You can't blame someone who cleared a site for nothing being built their later...
Posted by: pp | February 11, 2009 at 14:23
GB£. Indeed. That's sometimes called a "price signal", which translates roughly as "If you can't produce this and make a profit, produce something else!"
Posted by: Andrew Lilico | February 11, 2009 at 14:27
"We need to give tax breaks to people starting up businesses that actually manufacture things."
I would rather that we should stop penalising companies which manufacture things.

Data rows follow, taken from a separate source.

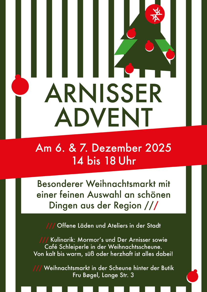 6. & 7. Dezember 2025 14 bis 18 Uhr Besonderer Weihnachtsmarkt mit einer feinen Auswahl an schönen Dingen aus der Region. /// Offene Läden und Ateliers in der Stadt /// Kulinarik: Mormor‘s und Der Arnisser sowie Café Schleiperle in der Weihnachtsscheune. Von kalt bis warm, süß oder herzhaft ist alles dabei! /// Weihnachtsmarkt in der…
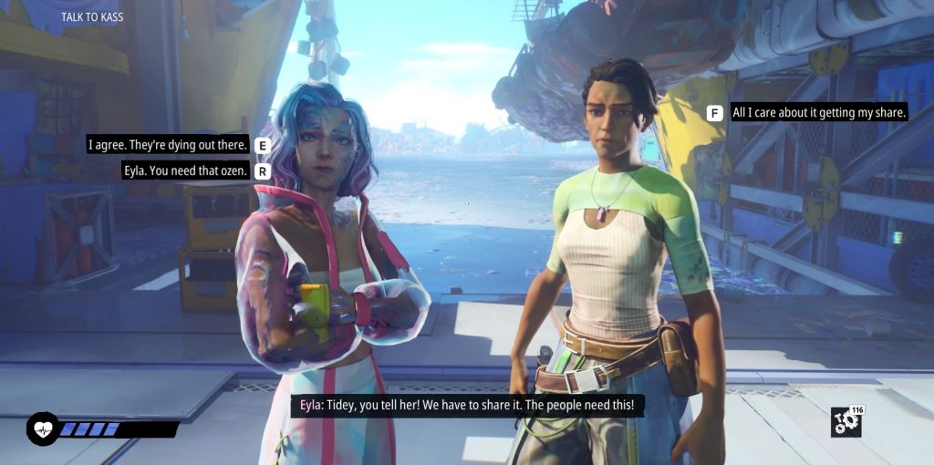 You’ll meet several characters and friends belonging to each faction, and all their stories will intersect with one another too. Tides of Tomorrow doesn’t tell a particularly deep or surprising story, but its themes of ecology, nature, and allegiance to your faction or family did manage to be compelling at times. I flip‑flopped between finding the game dull near the middle to being fully in for the ride by the end. Through a few heartfelt scenes and character moments, Tides managed to hook me a lot deeper into its story. And the moral dilemma at the core of your decisions was executed quite well too.
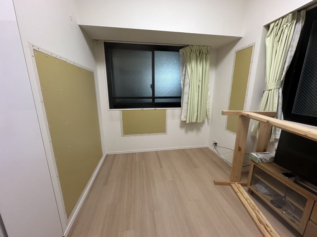 新しい石膏ボードをしっかりと固定できるよう、下地材を補強・作成しながら、次の工程へと進めていきます。
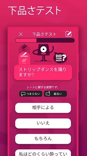 18歳以上の女性と男性のための、最も正確な日本語による心理的下品度テストです。最も興味深く下品な事柄に関するトリッキーな質問で、あなたの乱れ度合いを調べます。心理クイズでは、あなたの乱暴度合いを知り、心理を突き止めることができます。アプリの質問に正直に答えよう!他の人に見られる前に。人見知り解消! 女子と男子の恋愛に関するトリッキーなテスト、恋愛に関するテスト、恋愛とセックスに関するテストです。自己肯定感を高めて、自分を知ってもらう。本当の自分を見つける。

Manufacturing, and other industries which compete in a world market, are penalised when taxes paid by companies in the UK are higher than in competitor economies. Employers' NI should be a prime target because, unlike corporation tax, it is a direct tax on employment and must be paid even when the company is not currently profitable.
Posted by: David_at_Home | February 11, 2009 at 14:59
"The best way in which the state can make capitalism work is by keeping its hands off it."
Absolutely, JP - agree 100%!
Posted by: Sally Roberts | February 11, 2009 at 15:30
Sally,
So why did you defend Cameron's "state capitalism" speech at the end of Jan?
Posted by: GB£.com | February 11, 2009 at 16:21
GB£
It's sensible to be clear and vocal in support of your leader. He alone is leader and he alone sets the general tone of the debate. David is wise, we cannot dismantle the state in a single day a single week or even a single parliament. It will take patience and a deal more softly softly if we are to have a hope of achieving our Objectives. This economy is fragile right now it would be wise to manage its decline and plan each step, every single step should be planned. What we don't need is a conservative counter revolution the moment after Dave comes to power. WE cannot switch from a promissory economy to a hard currency in one bold move on day one, but we should work towards it.
Posted by: Ross Warren | February 11, 2009 at 17:04
Ross,
I think you need to go and read what Cameron actually said in that speech.
Cameron wants to create a "moral capitalism" where politicians determine if businesses are "good for society" and act if they do not fit the politician's vision.
Cameron is not alone at all. Quite the opposite, in fact.
He fits perfectly within the New/Blue Labour model of creating a perpetual and downward cycle of state meddling in areas where the state should not touch, leading to unintended consequences that demand further state meddling that create further unintended consequences and so on.